I am not in the mood.
Not for guests. Not for the performative hospitality that transforms our living room into a stage where my mother plays the role of gracious hostess and the rest of us function as supporting cast in a production nobody auditioned for. Not for the polished smiles and the careful small talk and the elaborate charade of pretending that this family is held together by affection rather than tax benefits and a shared property deed.
Such a fake fucking lifestyle.
I am halfway to the staircase when her voice catches me like a hook through the ribs.
"Sage Elowen Holloway."
Full name. All three words deployed with the clipped precision of a woman who treats her daughter's identitylike a legal summons. The syllables echo off the marble foyer, bouncing between the chandelier and the floor-to-ceiling mirrors that line the entrance hall, multiplying until it sounds like a courtroom full of Eleanoras pronouncing judgment in unison.
I stop.
My gear bag slides down my shoulder, catching at my elbow. My sneakers squeak against the marble as I pivot toward the living room doorway, where the warm glow of the interior spills across the threshold like a boundary between my world and hers.
And immediately, I catch the scent.
Alphas. Multiple. Their pheromones saturating the living room air with a density that seeps into the foyer like smoke under a closed door. Thick, cloying, layered in a way that suggests they have been occupying this space for a while, long enough for their combined territorial markers to soak into the upholstery and settle into the curtains and claim the room's atmosphere with the possessive certainty of men who believe any space they enter automatically belongs to them.
I roll my eyes. Hard enough that my optic nerves lodge a formal complaint.
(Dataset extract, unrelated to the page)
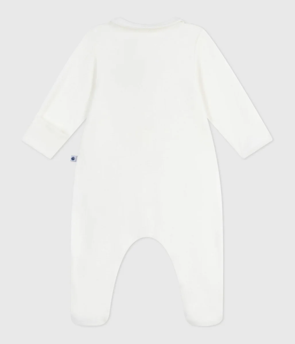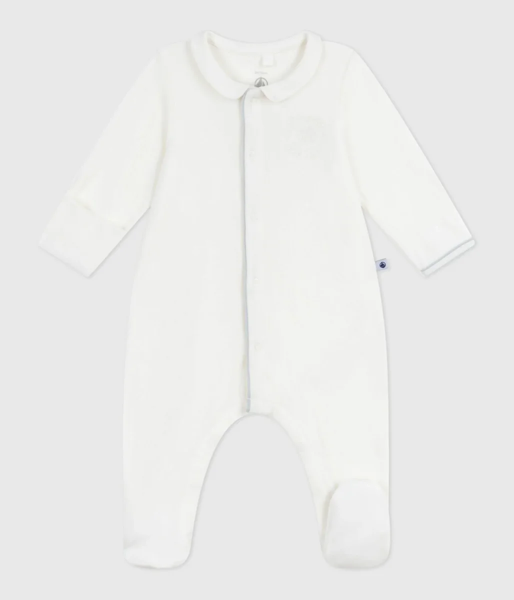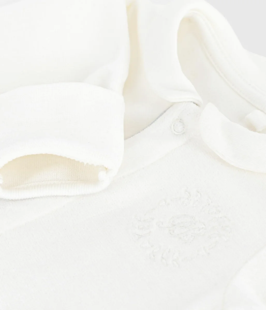Tutina pigiama unisex in ciniglia bouclé, un materiale caldo e raffinato. Questo pigiama raffinato, con un ricamo sul petto, colletto a polo e muffole integrate, è l’ideale per un regalo nascita.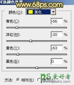 2、创建可选颜色调整图层,对黄色进行调整,参数设置如图2,效果如图3。这一步增强画面的暖色调。

My nose wrinkles involuntarily, and I fight to smooth it before crossing the threshold. The scent is not just Alpha. It is a specific variety. Stale tobacco smoke and overapplied cologne and the sour undertone of men whose biological dominance markers have been chemically supplemented by whatever synthetic pheromone booster is currently popular among Alphas who need assistance projecting authority they do not naturally possess.
Charming. We are hosting the tobacco aisle of a discount pharmacy.
I shuffle into the living room with all the enthusiasm of a prisoner entering a courtroom, my gear bag dangling from one arm, my compression shirt still damp with four hours of sweat, my hair plastered to my temples in dark, salt-stiffened streaks that have escaped the elastic band and are staging a rebellion against the very concept of presentability.